::: Data for this exercise :::

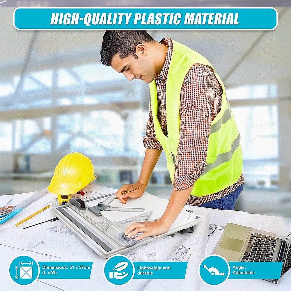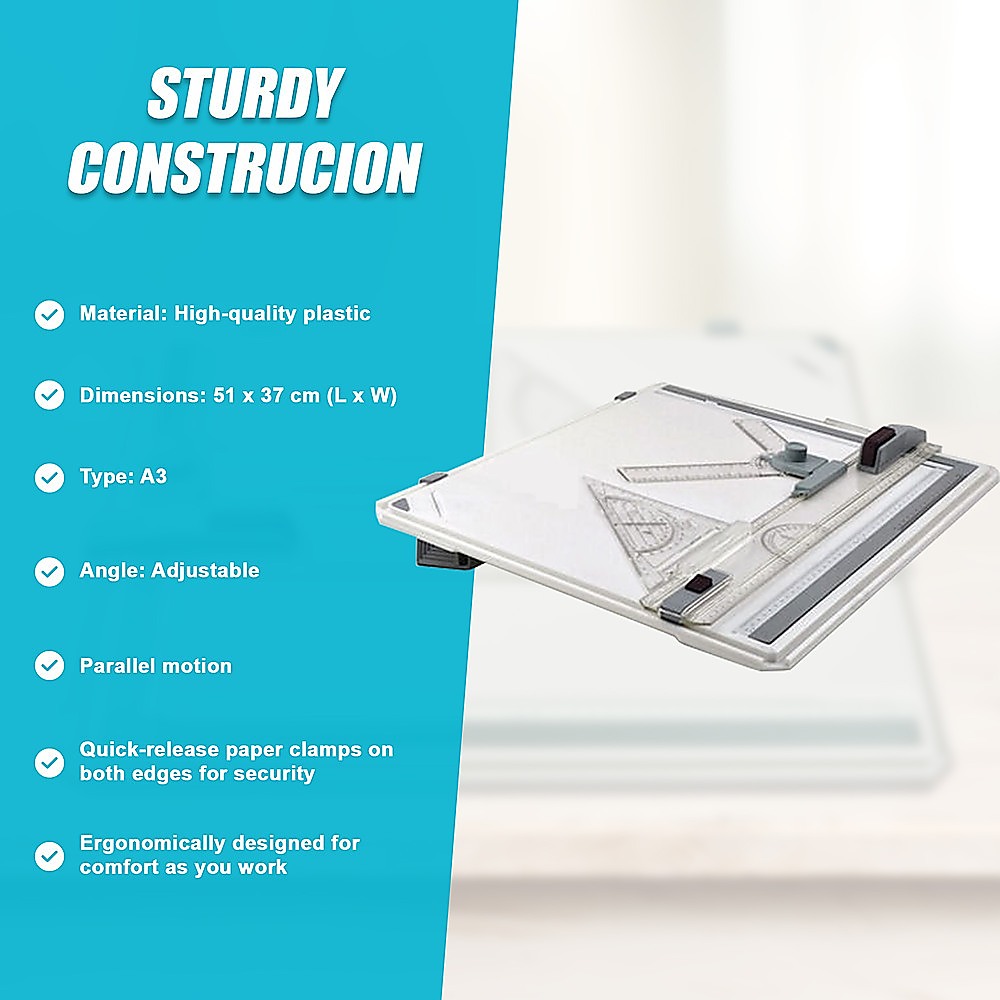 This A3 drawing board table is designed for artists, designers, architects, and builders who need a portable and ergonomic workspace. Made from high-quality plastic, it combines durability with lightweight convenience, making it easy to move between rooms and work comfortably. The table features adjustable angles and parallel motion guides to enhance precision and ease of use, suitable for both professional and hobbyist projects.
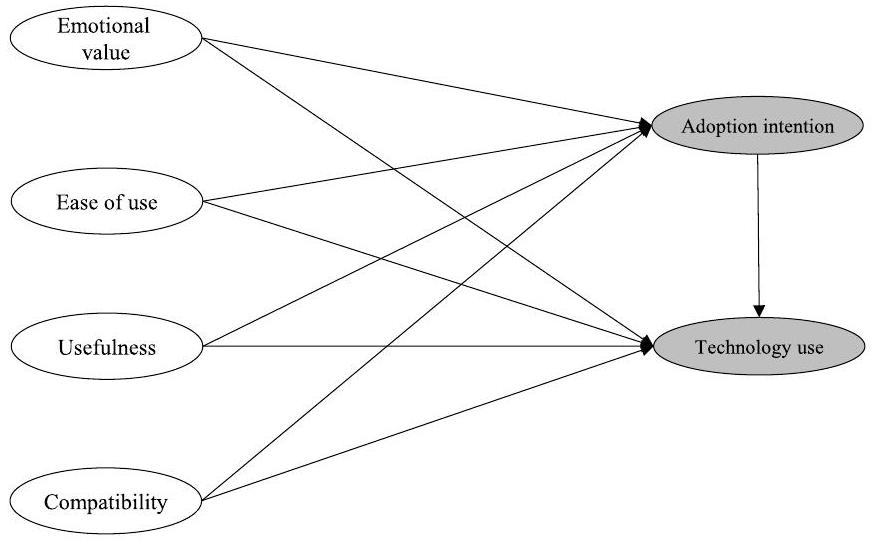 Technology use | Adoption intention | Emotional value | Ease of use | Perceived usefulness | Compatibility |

:::
::: Data for this exercise :::

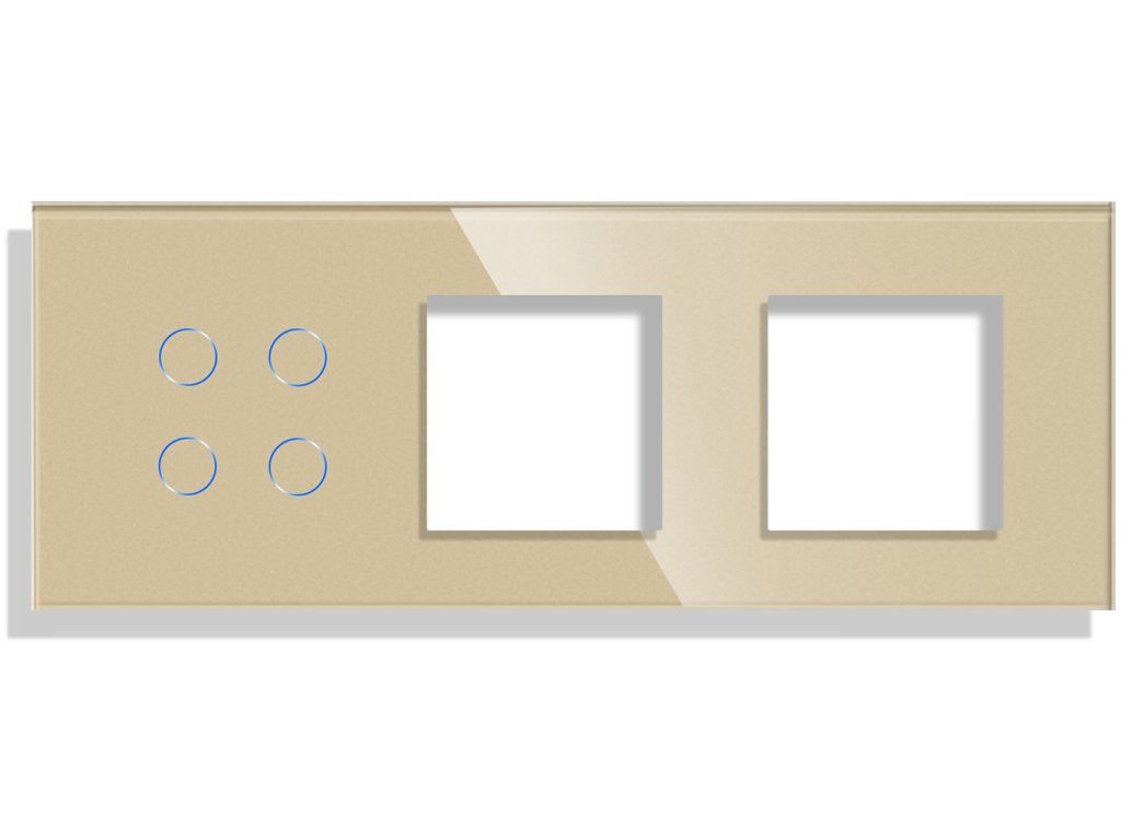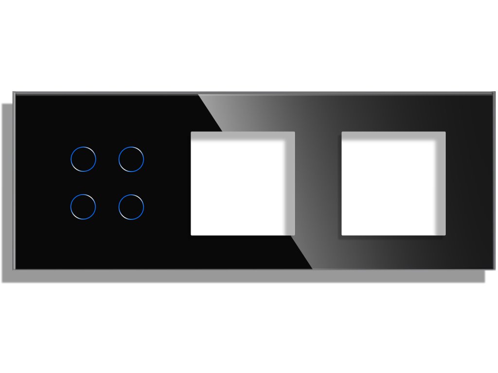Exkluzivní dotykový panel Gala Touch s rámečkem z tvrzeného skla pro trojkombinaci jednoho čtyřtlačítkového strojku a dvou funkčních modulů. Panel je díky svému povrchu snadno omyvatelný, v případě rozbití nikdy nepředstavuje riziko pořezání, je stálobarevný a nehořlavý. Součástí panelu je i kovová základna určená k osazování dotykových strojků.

:::

**Work to complete:**
Above are the records; return the lines in them from the one with "This A3 drawing" to the one with "Technology use |", inclusive, exactly and without images.

**Solved exercise:**
 This A3 drawing board table is designed for artists, designers, architects, and builders who need a portable and ergonomic workspace. Made from high-quality plastic, it combines durability with lightweight convenience, making it easy to move between rooms and work comfortably. The table features adjustable angles and parallel motion guides to enhance precision and ease of use, suitable for both professional and hobbyist projects.
 Technology use | Adoption intention | Emotional value | Ease of use | Perceived usefulness | Compatibility |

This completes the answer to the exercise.